2026.3.12

3/10開催 「こども・若者自殺対策PT」に関して

本日3月10日、私が座長を務める「こども・若者自殺対策PT」を開催しました。 本日のテーマは「こどもの自殺が起きた時の調査のあり方」です。 こどもの死を防ぐためには、亡くなった背景を正確に把握し、そこから得られた教訓を次なる予防策に活かす仕組み作りが急務です。現状の課題と今後の展望について深く議論しました。

〇政府からの報告(ポイント)

・背景調査指針の改訂: 学校現場での調査粒度のバラつきを解消するため、基本調査の様式を新たに整備し、詳細調査の意向確認の周知徹底されることになりました。

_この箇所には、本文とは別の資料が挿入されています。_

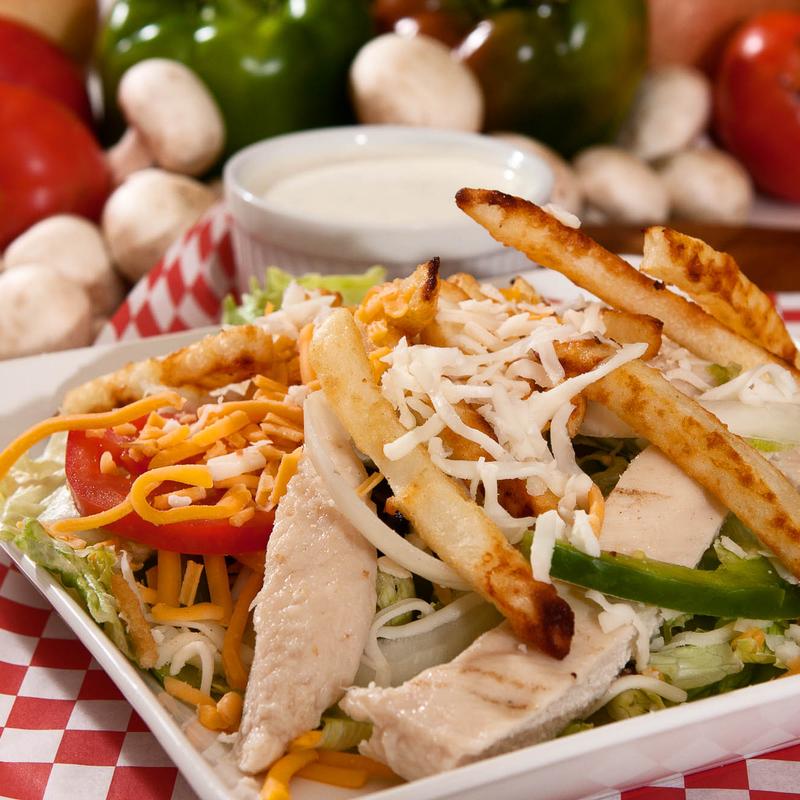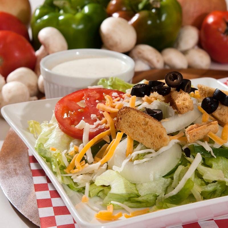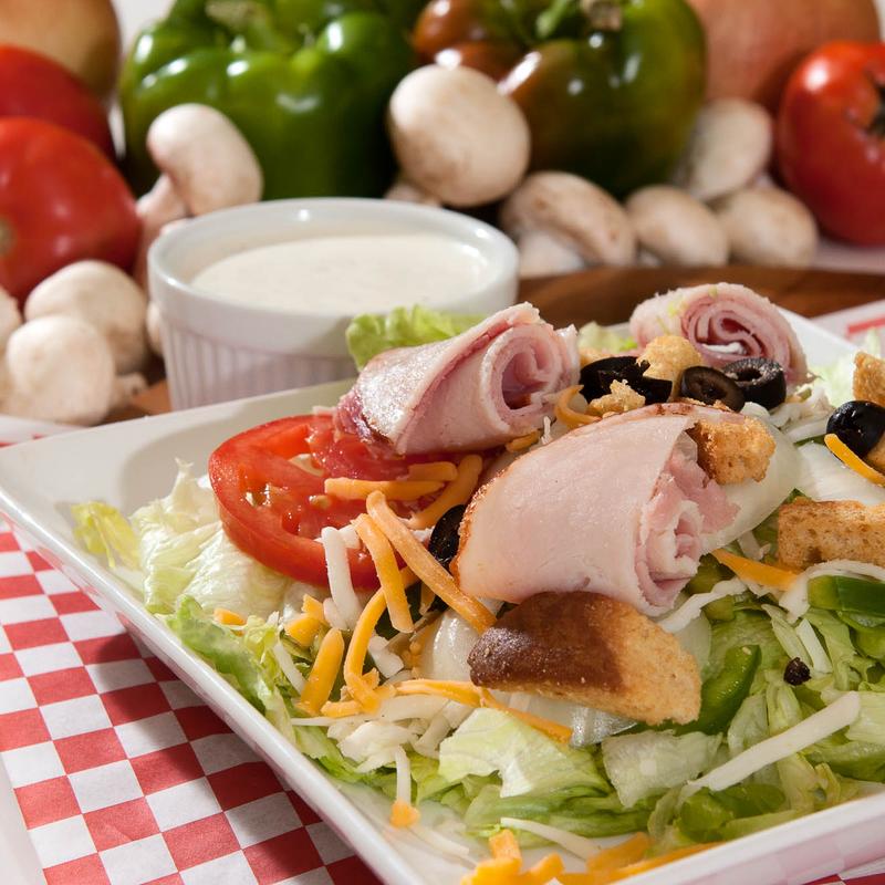 Don’t forget to add a 12 oz bottle of our homemade dressing for an additional charge | Our salads are made with iceberg lettuce, garden vegetables, and a fresh blend of cheeses • Dressings: Homemade Italian | Homemade Ranch | Bleu Cheese | Honey French | Balsamic.
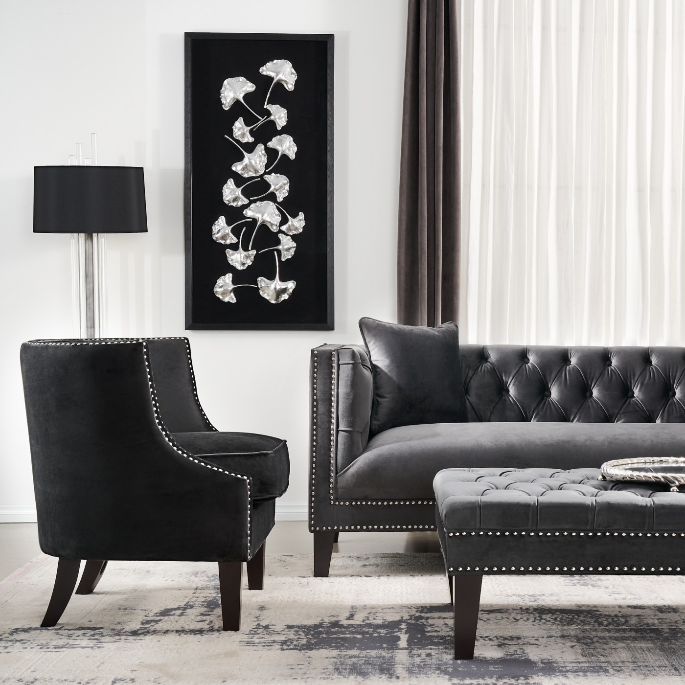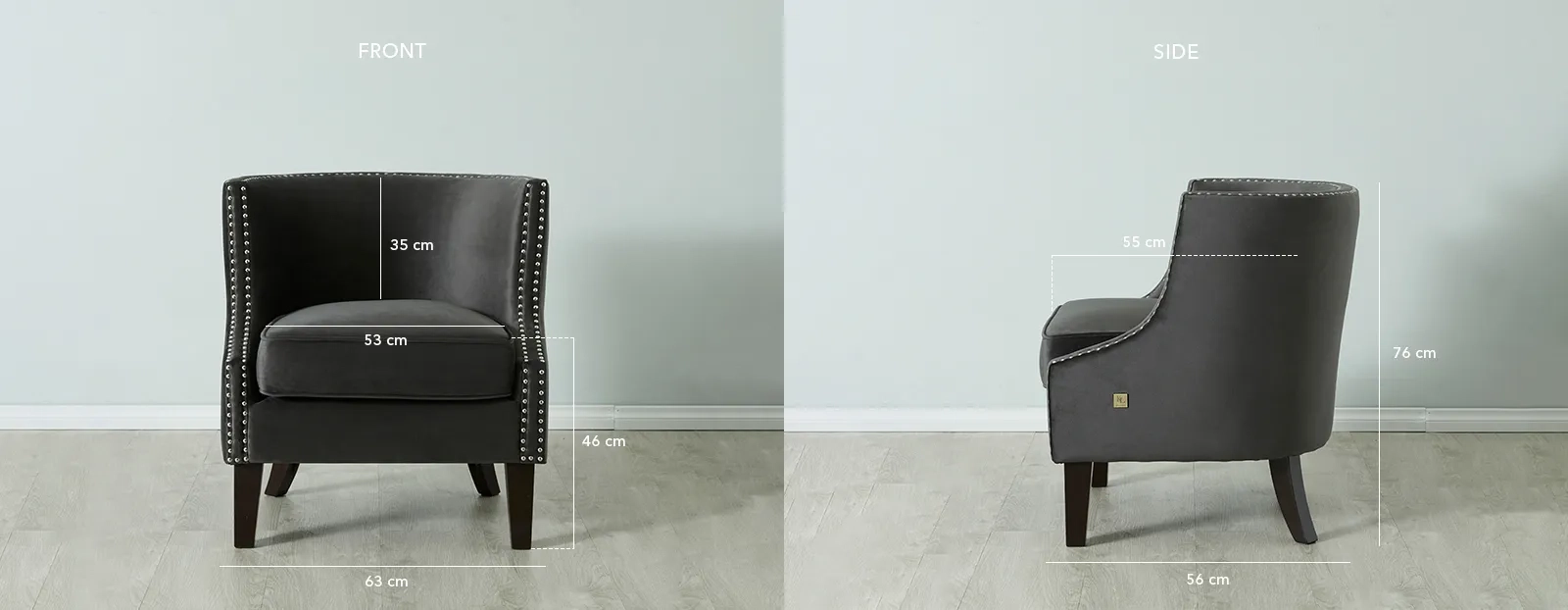 A very comfortable and impressive looking chair. The velvet fabric is gorgeous and the silver studs add a touch of sophistication.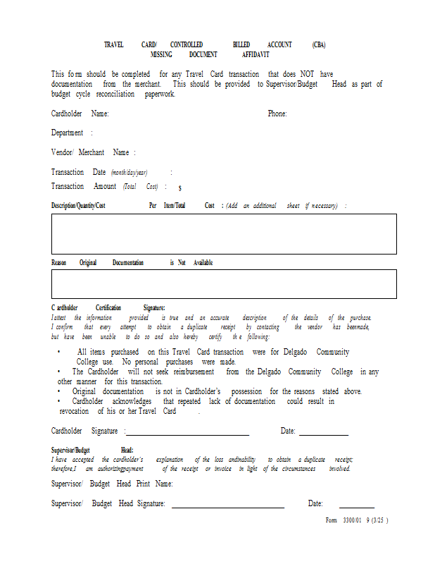 Version 1 Travel Card/CBA Missing Document Affidavit Form (Form 3300/019)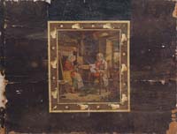 LOT OF EIGHT FRAMED ITEMS. Lot includes: three modern needlework pictures; two modern English prints; painting of birds and flowers, signed indistinctly from 20th century; a Stevensgraph-type picture of colonial people; antique oil on canvas of Jesus at the well housed in a gilt period frame. The scene shows Jesus at a well with a woman with a town in background under blue sky. 12” x 9”. CONDITION: Good. 9-74044 (200-400)

・CDR(チャイルド・デス・レビュー):死亡事例を多機関で検証する制度。遺族同意の取得などデータ収集の難しさはありますが、全国展開へ向けた制度整備を加速させます。

・「生きている声」の可視化: 亡くなった後だけでなく、今を生きるこどもたちの声をどう救い上げるかも重要です。

・地域連携: 発達障害や心の問題を抱える子を支えるネットワークを、研修や人材育成を通じて強化していきます。

〇専門家からの提言

日本自殺予防学会理事長の張賢徳先生よりご講演をいただきました。 「一例一例を丁寧に調べること」こそが自殺予防の核心であるとの強い指摘がありました。

海外で主流の「心理学的剖検」は、日本では遺族の心情面から実施が難しい現状もあります。日本でも心理学的剖検を行うことができるよう、しっかりと進めていきます。

最終段階で多くのケースに精神的な問題が関係しているという研究結果を重く受け止め、医療・公衆衛生・社会的支援を組み合わせた「総合的アプローチ」の必要性を再認識しました。

〇政治の責任と今後の決意

参加議員からも、救急医療現場での支援不足や、学校・家庭・地域を繋ぐソーシャルワークの強化を求める声が相次ぎました。

自殺は、家庭・学校・社会環境・メンタルヘルスなど、複数の要因が複雑に絡み合って起きます。だからこそ、各機関が有機的に繋がる対策が不可欠です。

こどもの命を守ることは、政治の最も重要な責任です。本日の議論を具体的な提言へと繋げ、こどもが「助けて」と言える社会、そして死なない国を実現するため、全力で取り組みます。